### TASK REQUIREMENTS
Omit all pictures. Print the remaining lines exactly, from the start of the data through the line containing "今日のお花千両 松と千両と梅?かな😅 適当に花瓶に挿してみました。".

### SUPPLIED MATERIAL
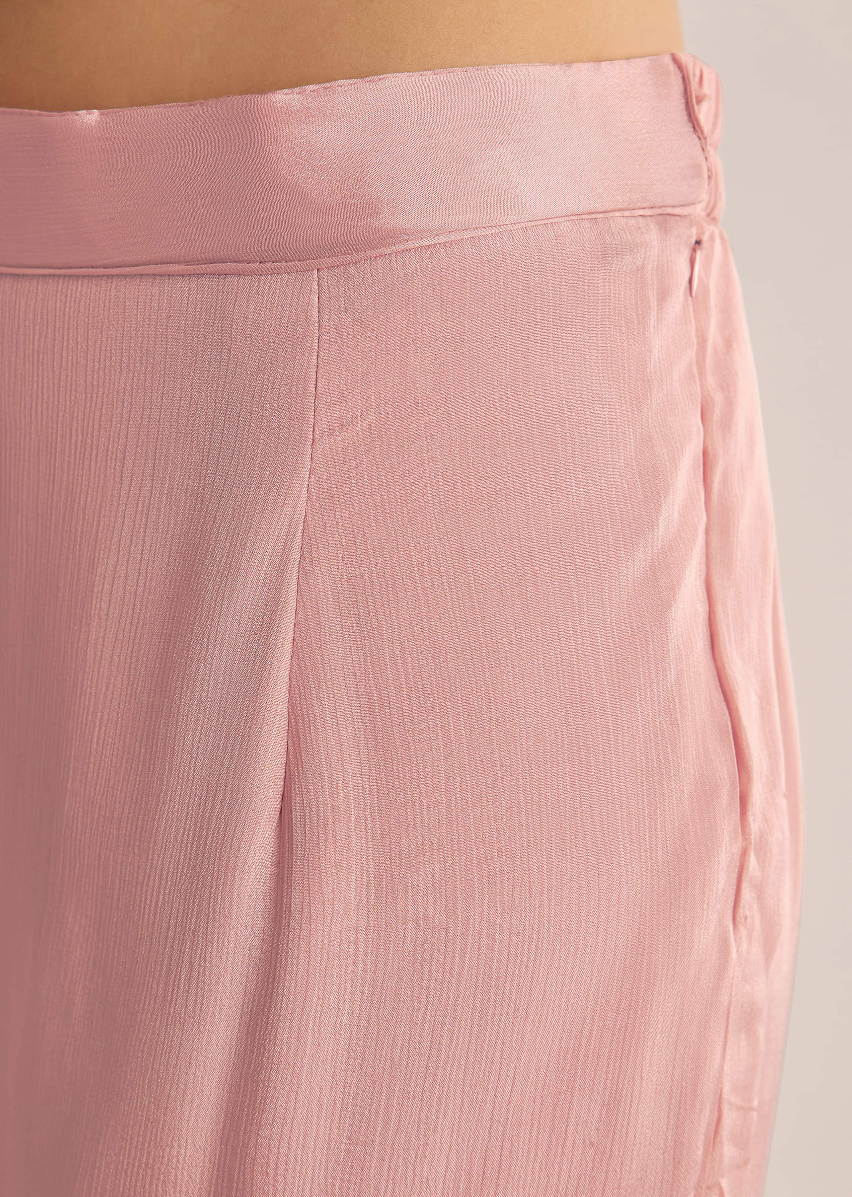 A playful pink chinon kurta adorned with cutdana and moti detailing, finished with a choker-style dupatta. Ideal for joyful mehendi or sangeet occasions. Like rose petals in dance.Awarded as the... More Product Details
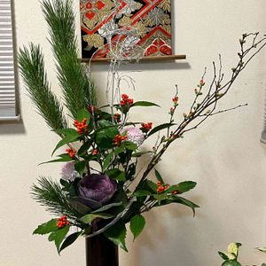 今日のお花千両 松と千両と梅?かな😅 適当に花瓶に挿してみました。 松と梅?のバランスはどうなんだろう🤔 千両はもう少し短くカットした方がメリハリが出るのかな〜🤔 なんせ一本1500円もした千両、失敗できない😅のでこれからYouTubeの生花を参考に手直し予定です。 今年もいよいよ明後日までですが、 GSでは、沢山の素敵なお花を見せていただき、又花友さんから色んなことをアドバイスいただいたり、おかげさまで楽しいGSライフを送らせていただきました。 ありがとうございました🙇♀️ 皆様、どうぞ良いお年をお迎え下さい🤗
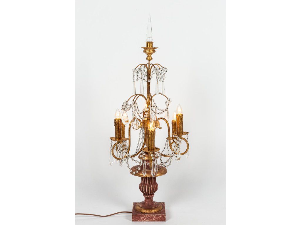 Celá konstrukce je propletena řetězy drobných broušených korálků a osazena elegantními skleněnými ověsy, které při rozsvícení vytvářejí v místnosti okouzlující světelnou hru. Vrchol svítidla tvoří štíhlý skleněný hrot, který podtrhuje vertikální eleganci celého kusu. Je to ideální volba pro milovníky historizujícího stylu, kteří hledají dominantní prvek na velký jídelní stůl, klavír nebo do reprezentativního salonu.

### RESPONSE FOR THIS EXERCISE
 A playful pink chinon kurta adorned with cutdana and moti detailing, finished with a choker-style dupatta. Ideal for joyful mehendi or sangeet occasions. Like rose petals in dance.Awarded as the... More Product Details
 今日のお花千両 松と千両と梅?かな😅 適当に花瓶に挿してみました。 松と梅?のバランスはどうなんだろう🤔 千両はもう少し短くカットした方がメリハリが出るのかな〜🤔 なんせ一本1500円もした千両、失敗できない😅のでこれからYouTubeの生花を参考に手直し予定です。 今年もいよいよ明後日までですが、 GSでは、沢山の素敵なお花を見せていただき、又花友さんから色んなことをアドバイスいただいたり、おかげさまで楽しいGSライフを送らせていただきました。 ありがとうございました🙇♀️ 皆様、どうぞ良いお年をお迎え下さい🤗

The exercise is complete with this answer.